A Menina dos Olhos Tristes

Caminhava,

Naquela estrada,

Chão de terra,

Poeira nos olhos,

Quando me deparei,

Com a presença da meninada.

No meio dos guris rotos,

Com pé descalços,

Via-se uma menina separada,

Clima sombrio,

Relevo amargo,

O ar alegre dos outros se fez falso.

Desvia rapidamente o olhar,

Ela me encarava com firmeza,

Fui aos poucos me afastando,

Mas marcado pela impressão,

Muito próximo estava a sua imagem,

Por aquele olhar que esvaziou minhas certezas.

Durante o dia,

Só vinha à mente,

Aquela presença passada,

A memória insistia,

Por mais que o pensamento negasse,

Assumi o mesmo aspecto deprimente.

Na cama,

Tentando adormecer,

Uma sombra maior pairava,

Fitando-me, malígina,

Insone, segui pela longa madrugada,

Ansioso esperei o novo dia nascer.

Voltei ao mesmo local,

Caminhante de horário repetido,

Buscando o olhar de outrora,

Passos firmes,

Os garotos haviam sumido,

Ela estava no mesmo ponto do caminho.

Olhos brilhantes,

Brilho de um negrume brumoso,

Fez-me gelar por dentro,

Revirou-me as vísceras,

Emitia forte poder, era comovente,

Eu que estava radioso, me vi chuvoso.

Em breves segundos,

Pensei em interpelar a criatura,

Mas me contive,

Um receio impediu o gesto,

Seguindo adiante,

Mantive no peito a aflitiva dúvida.

Qual seria o motivo da tristeza?

Aqueles olhos são tristes,

Chegavam a entristecer o que tocavam,

Passei de um momento primaveril,

A frio inverno sentimental,

Influência assim, duvidava que existisse.
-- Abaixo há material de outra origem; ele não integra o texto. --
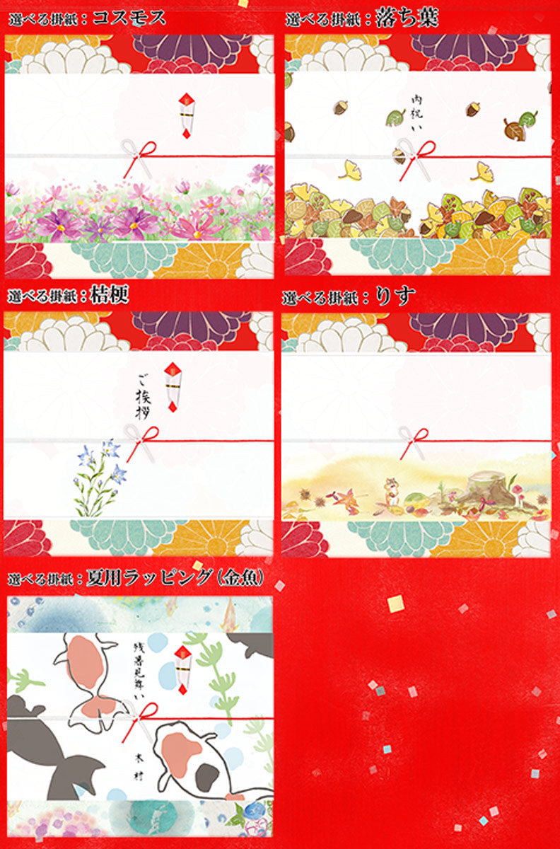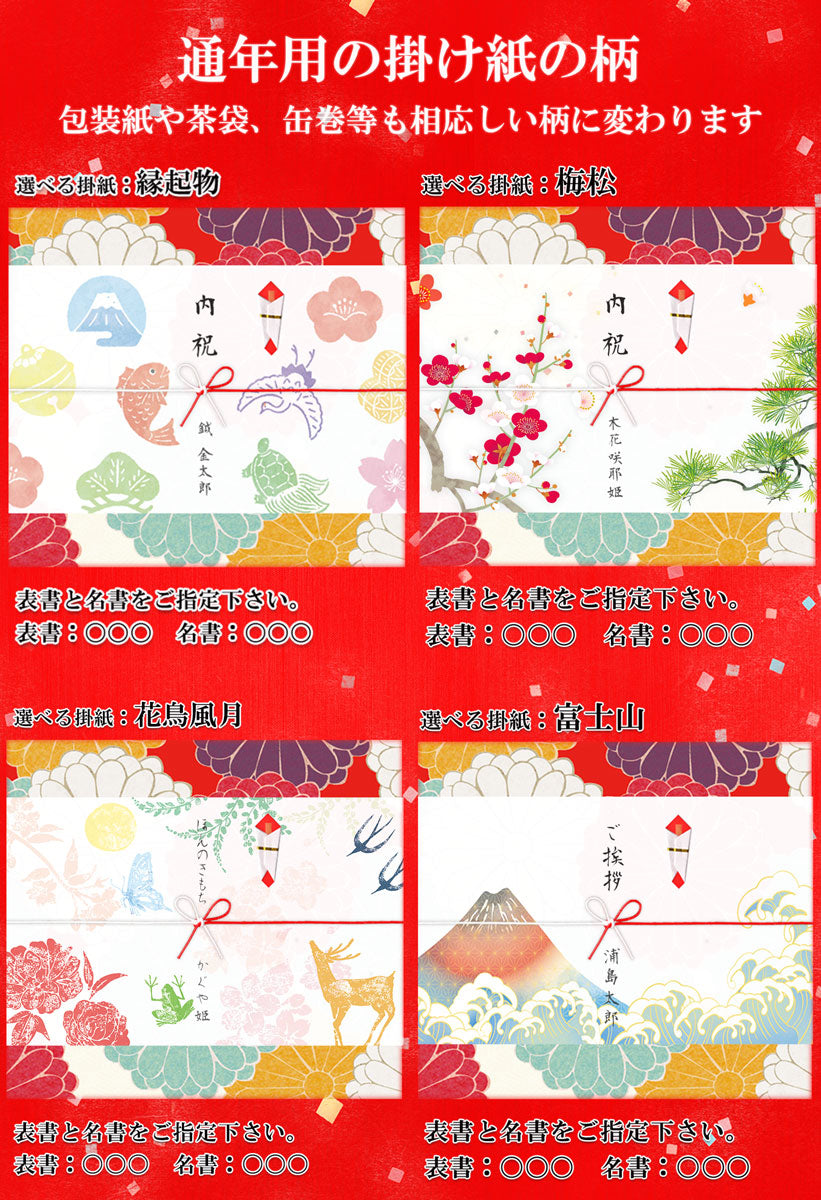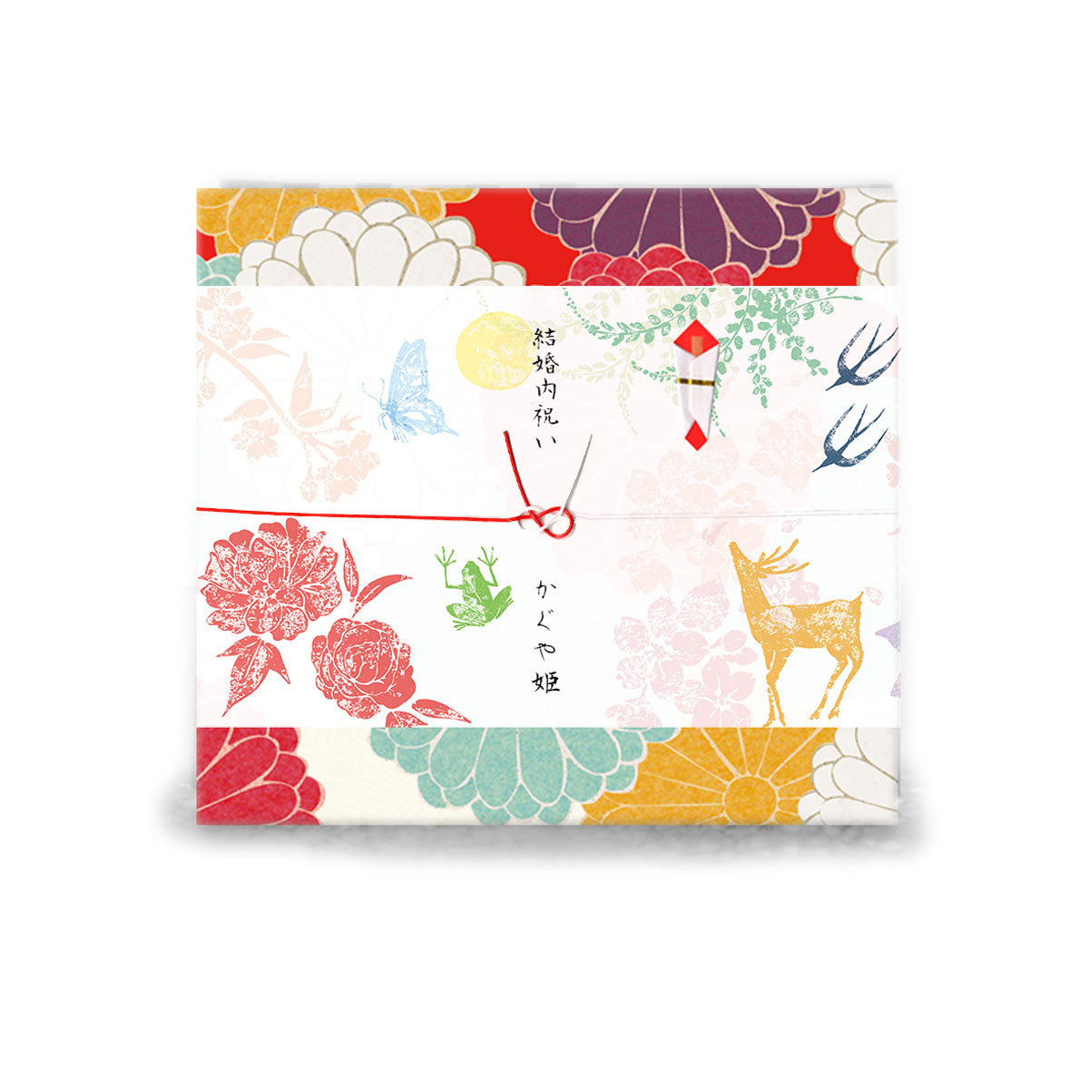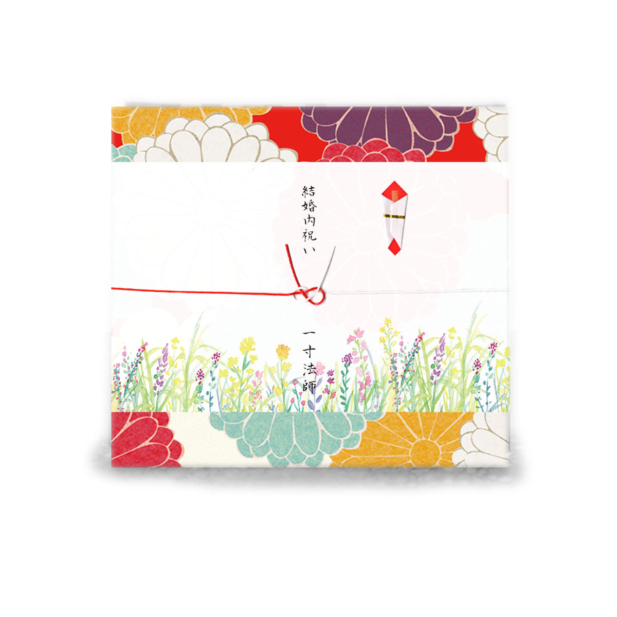 The hanging paper is tied with a red and white bow knotted mizuhiki, and a noshi is attached. This is our original wrapping.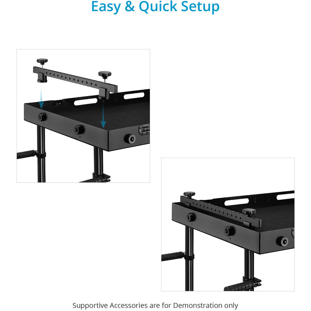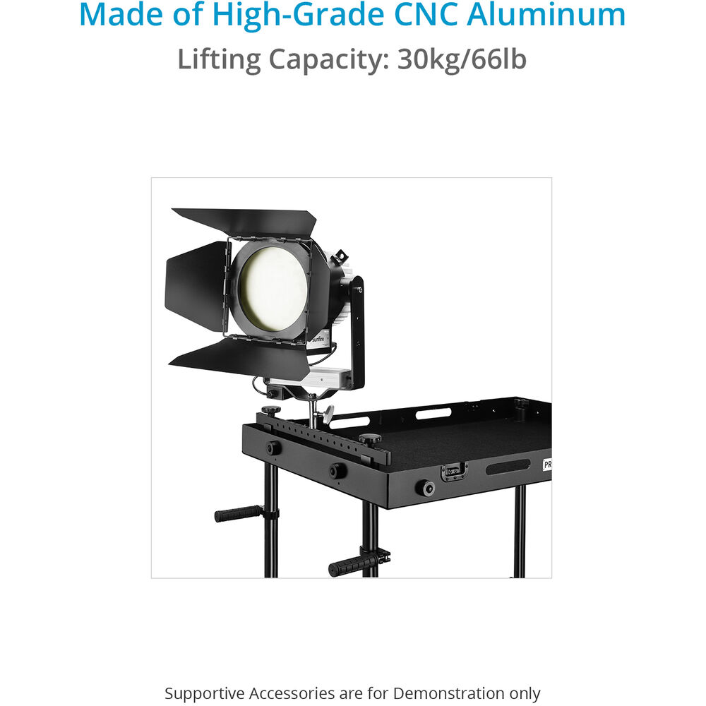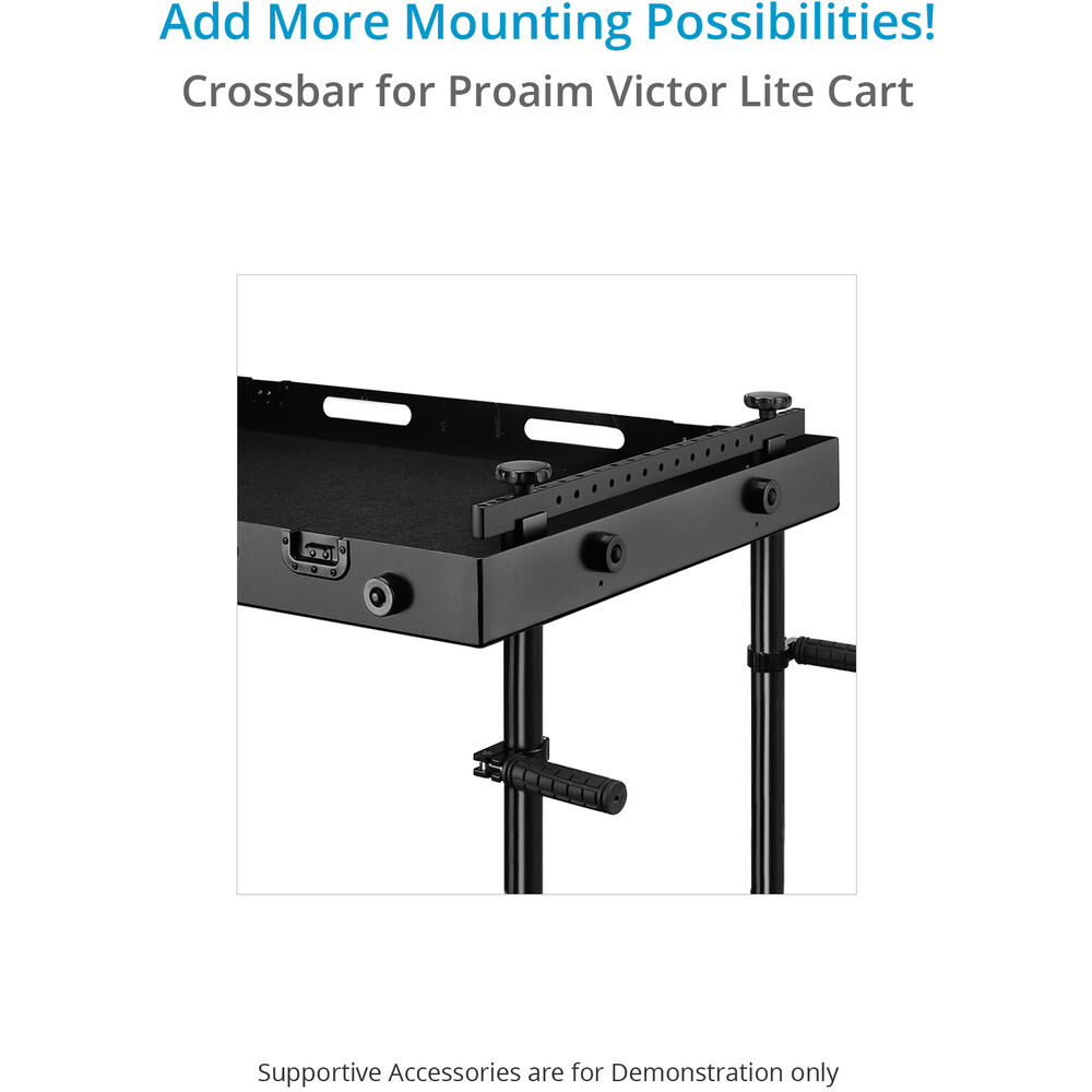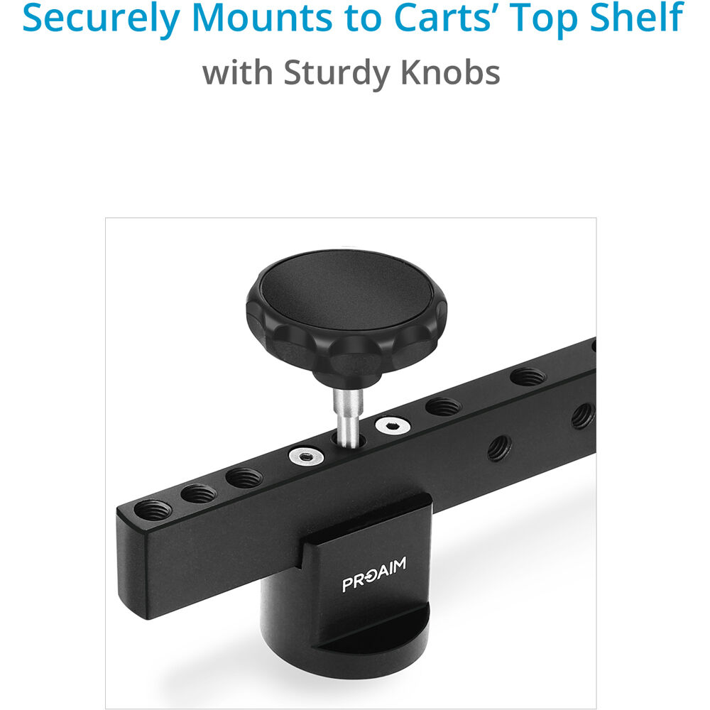 Enhance the versatility of your Victor Lite Camera Cart with this Proaim Cheese Cross Bar, which offers you the most convenient and creative way to customize the cart. This long crossbar mounts on the top shelf at the narrow side of the cart and gives it incredible accessory mounting flexibility. It is made of high-grade CNC aluminum and offers a lifting capacity of up to 66 lb. It has multiple 3/8"-16 threaded holes for mounting various photo/video accessories to provide ongoing support for your production.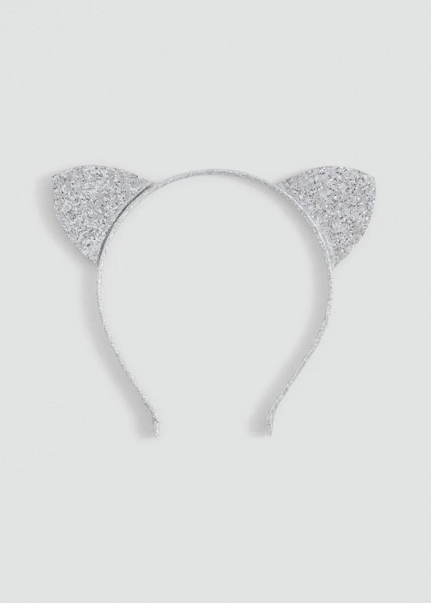Fascia per capelli. Design con gattino. Design con stelle glitterate.
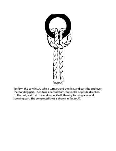 To form the cow hitch, take a turn around the ring, and pass the end over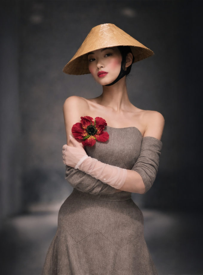 COUTURE CORSET DRESS WITH HAND-PAINTED SILK FLOWER
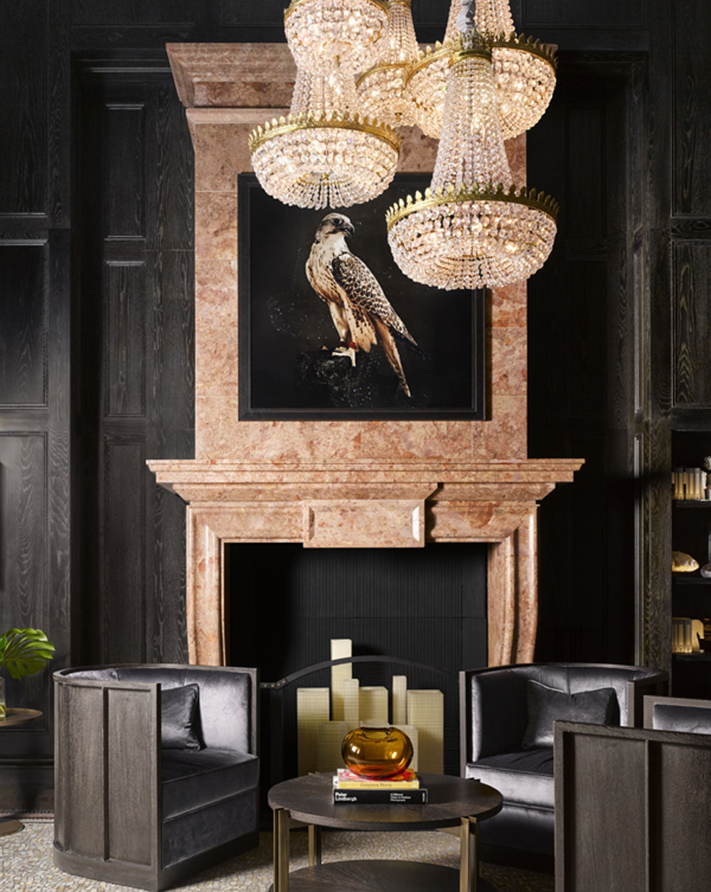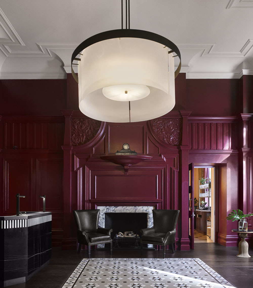 The public spaces of the property feature some of Bernerd’s best work as she blends rich velvets in warm sage and deep navy to create a classic club house feel in the listed marble entrance. Antique brass light fixtures sit seamlessly with mid-century furniture to give a nod to the historic past while meeting the needs and expectations of the modern guest.

Deveria morar naquele lugarejo,

Pobreza vista com fartura,

A expressão naquela face dura,

Pode ser a hermenêutica da miséria,

Onde se amadurece cedo,

Ingenuidade infantil vira amargura.

Não sei características físicas,

Cor dos cabelos, comprimento,

Vi que estava vestida,

Não sei com o que,

Só o olhar me dominava,

Me desnudava em atroz sofrimento.

Certa vez pensei em compartilhar,

Relatar o fato assombroso,

Mas era algo particular,

Imaginei que tinha um propósito,

Guardei comigo,

Tornou-se meu motivo mais misterioso.

Num dia qualquer,

Resolvi contemplar uma terceira aparição,

Dessa vez existiam mais pedestres,

Ninguém se dava conta,

Naquele matagal,

Ela me fitava com macabra devoção.

Num surto,

Imaginei-me esquizofrênico,

Talvez outra patologia da mente,

Um doente [de]mente,

Criando um mundo à parte,

Tendo a isca de uma jovem num ardiloso engenho.

Passei meses,

Naquela mesma trajetória,

Aqueles olhinhos melancólicos,

Engolindo cada parte de mim,

Pensei em assassinar a infantil figura,

Mas fui seduzido por essa vil misantropa.

Em um final de tarde qualquer,

Ela não estava mais lá,

Procurei mato adentro,

Nada consegui encontrar,

Ninguém soube me informar,

Como se jamais tivesse existido naquele lugar.

A forma mal definida,

Esquecida em breve fechar de pálpebras singelas,

Mas aqueles olhos abertos,

Não interessa o resto do corpo,

A menina dos olhos tristes,

Continua e continuará a me sondar pelo tempo que ainda me resta.